The appeal judges upheld the Grand Court convictions of Godfrey Bowen and Air Tech Corporation Ltd., both of whom were found guilty before a jury in October 2007 of failure to have health insurance in effect.
Air Tech was further found guilty of deducting from an employee’s pay money for health insurance which was more than the employer was entitled to deduct, since there was no health insurance in place.
Attorney Clyde Allen argued that the offences were not strict liability and the trial judge had instructed the jury wrongly.
The appeal was filed out of time. However, court president Sir John Chadwick said he, Justice Ian Forte and Justice Abdullah Conteh would hear the matter because it involved a question of general importance in the Cayman Islands.
The Court of Appeal issued a written judgment on 8 April, quoting extensively from the trial judge. It said the trial judge was plainly correct in taking the view that the imposition of strict liability would promote the aim of the legislation – to ensure that those employed in Cayman are protected by health insurance.
Strict liability means that the defendant’s state of mind is irrelevant. As Justice Dale Sanderson explained to jurors, it was not necessary for the prosecution to prove that Mr. Bowen and Air Tech intended to not effect and continue a health insurance contract for the employee.
All that was necessary was to show that events occurred. It was not necessary to prove that the discontinuation of the policy and the continuation of deductions were intentional or came about by negligence or recklessness or lack of knowledge. The trial judge also said it was not a defence to say that the employer did not have the funds to pay the insurance premium.
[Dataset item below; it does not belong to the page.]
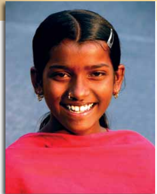
Most children participating in the prevention programs had less anxiety when programs ended than comparison children.

Fisak and colleagues did more than identify whether programs produced statistically significant effects. They also examined the magnitude of these effects — or the effect size (ES) of each program. Effect size (typically measured using “Cohen’s d ”) identifies whether an intervention makes a clinically meaningful difference in children’s lives. Although interpretation

Senior Crown Counsel Trevor Ward, who conducted the case for the prosecution in Grand Court replied to the ground of appeal argued by Mr. Allen. He welcomed the judgment and said it had cleared up several issues, including the obligation of the employee to keep his/ her employer informed about any change in the number of dependants to be covered.
In Grand Court Mr. Bowen and Air Tech were fined $5,000 each for failure to have health insurance in place. Air Tech was fined $2,500 for the unlawful deduction from an employee’s pay. The Court of Appeal did not interfere with these sentences.